Search code examples
pythonstartswith

python startswith function returns content of entire text file


I'm trying to extract all instances of the number that follows the string PAX:. The string that indicates PAX is preceded by a string that starts with RCT.

In the data below, I would be trying to extract 2.

Data originally as follows:

"                                 T44-39                                 "
"RCT# 26798                                                       PAX: 2"
"STORE# 6                    TERMINAL# 3                         ONLINE"

Code of first attempt was as follows:

with open("e-journal.txt","r") as rf:
    with open("e-journal_py output.txt","w") as wf:
        for line in rf:
            line = line.strip()
            if line.startswith('"RCT#'):
                pax = line.split()
                pax2 = pax[3]
                print (pax2)

However, each line started and ended with ", so I attempted to replace " by revising the code.

After using the replace function, print returns the following:

T44-39                                 \nRCT# 26798                                                       PAX: 2\nSTORE# 6                    TERMINAL# 3                         ONLINE\n                        

Second attempt at code is as follows:

with open("e-journal.txt","r") as rf:
    with open("e-journal_py output.txt","w") as wf:
        data = rf.read()
        data = data.replace('"','')
        with open(data) as data:
            for line in data:
                line = line.strip()
                if line.startswith("RCT"):
                    pax = line.split()
                    pax2 = pax[1]

The revised code removes " at the beginning and end of each line, but also returns content of the entire text file.
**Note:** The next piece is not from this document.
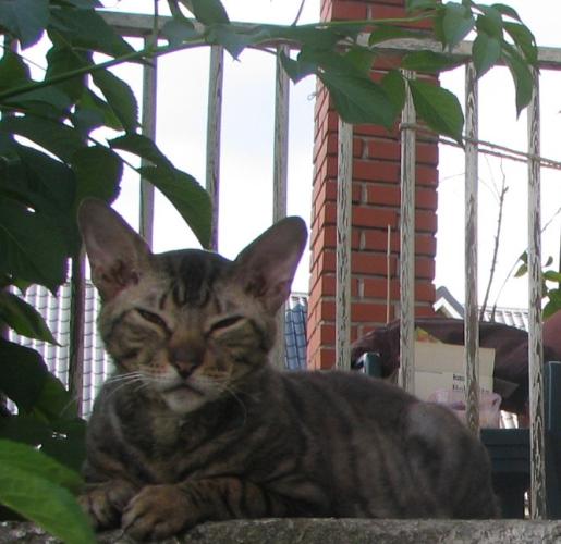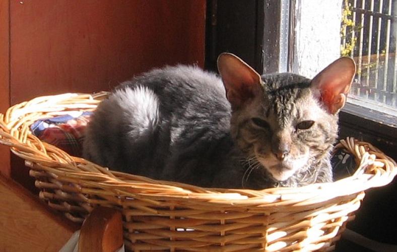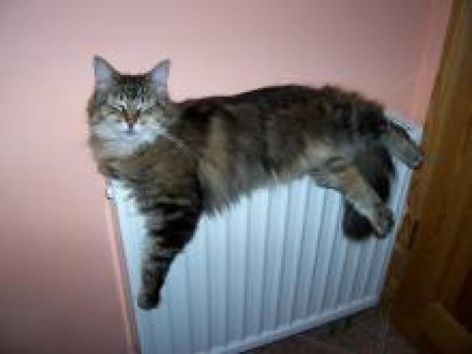 She is a Cornish Rex, who loves heat, which is typical for this race. She has spent 10 years with me... In the summer she lies in the sun or goes into the garden. It is never too hot for her. In the winter she lies on the radiator, changing the sides... If it is cold, she wears a turtleneck :)) She loves sleeping in bed, especially under my armpit. She eats A LOT, what influences her figure. She could eat anything, apart from dry food. She waits impatiently for every meal.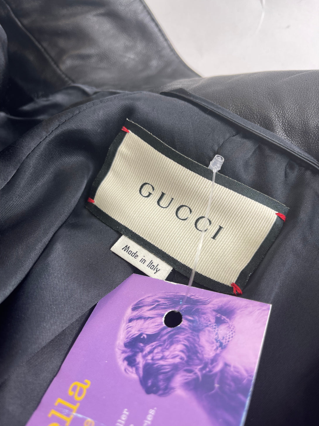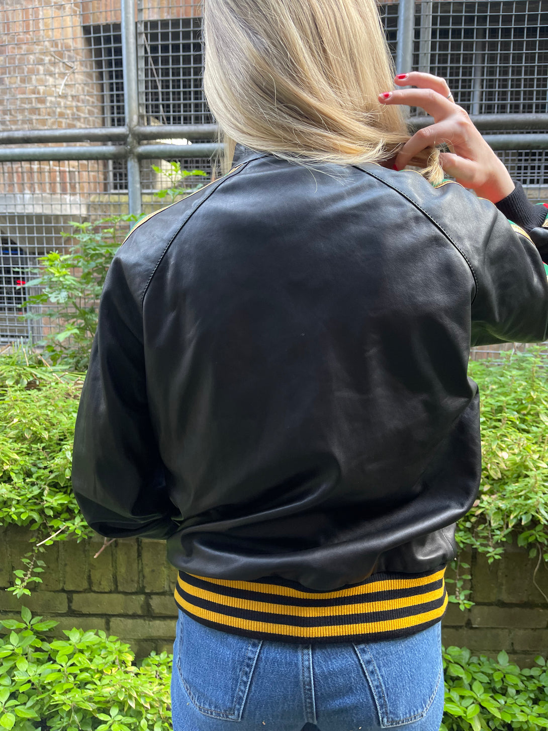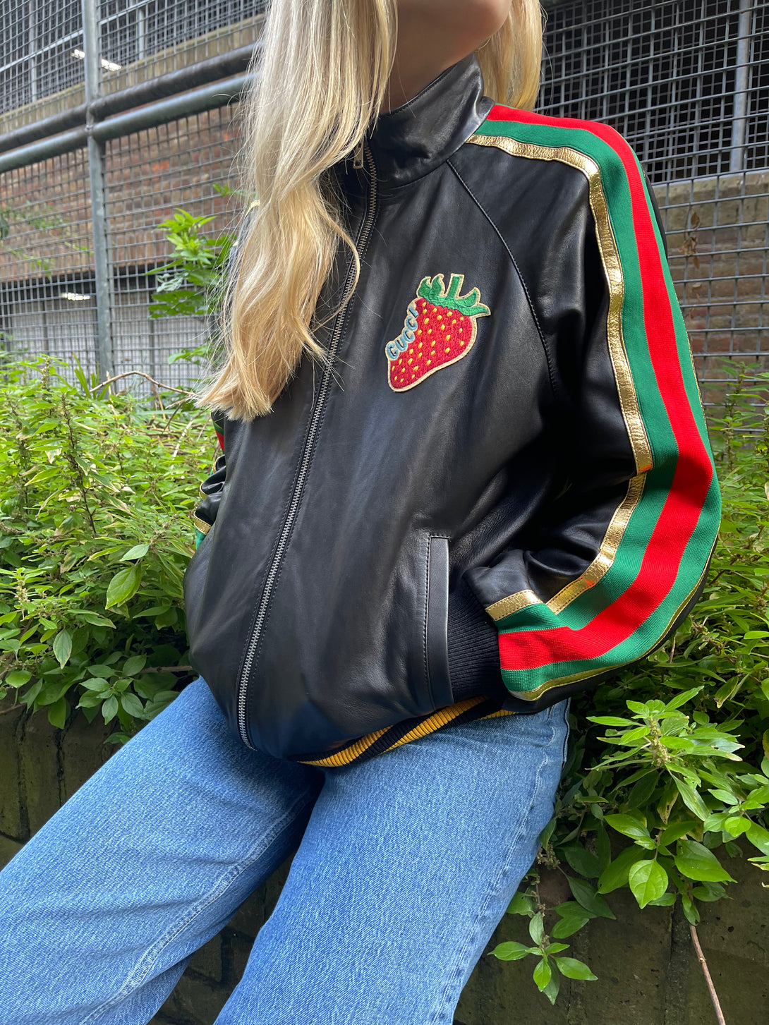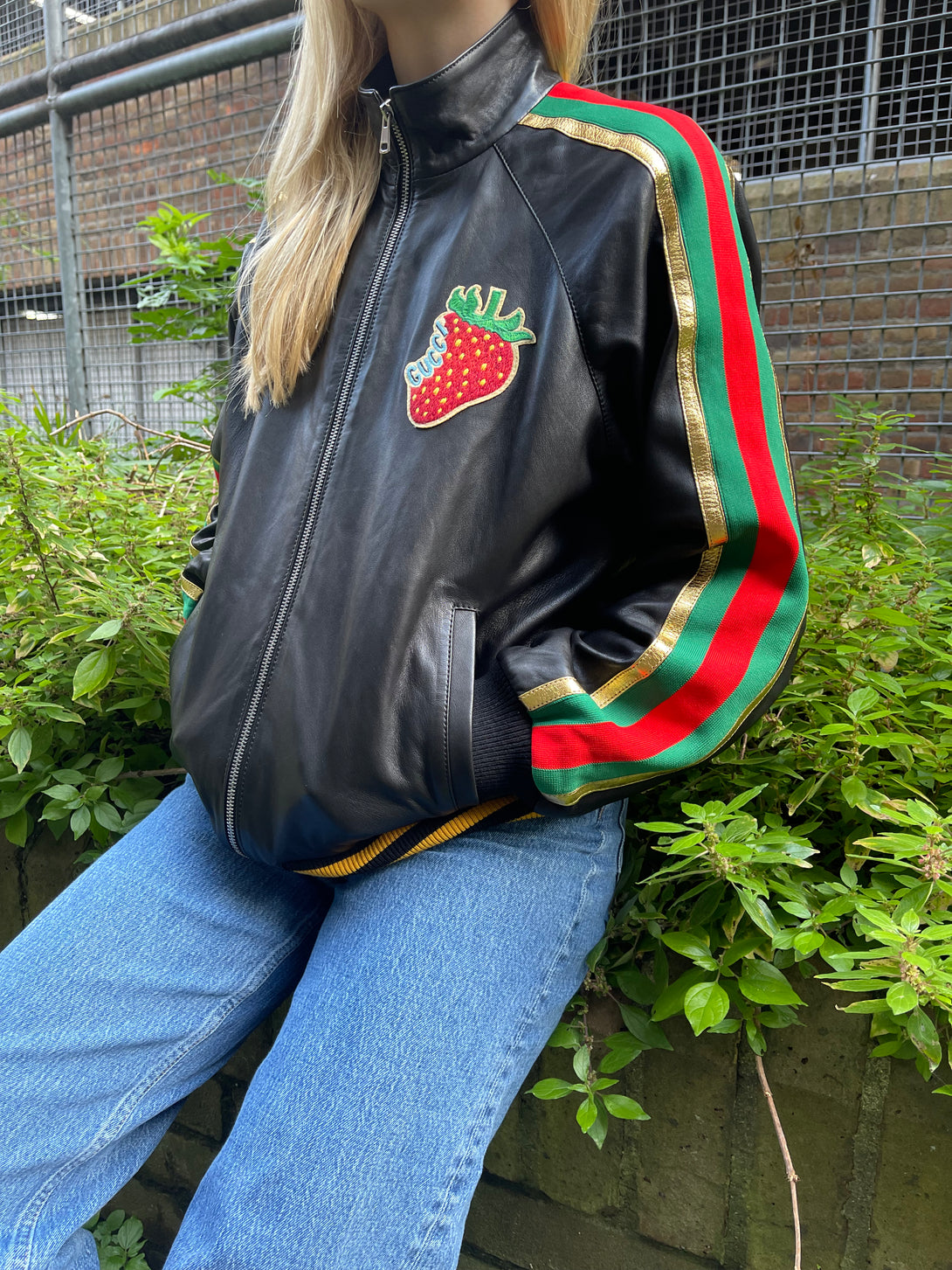 Gucci Black Leather Strawberry Embroidered Bomber Jacket - UK 10

In other words, the startswith function does not return the number of PAX. How do I revise the code to return the number that follows the string PAX?

Also, given there is no code to print, I'm not sure what prompted the cost to return the entire data set


Solution

  • Your first attempt was the most sensible. It already returned 2", so all you had to do was to remove the trailing ".

    You can use the rstrip string method to do that. Simply change

    pax2 = pax[3]
    

    to

    pax2 = pax[3].rstrip('"')
    

    or if you want to treat it as an integer, instead of a string, add int() around it:

    pax2 = int(pax[3].rstrip('"'))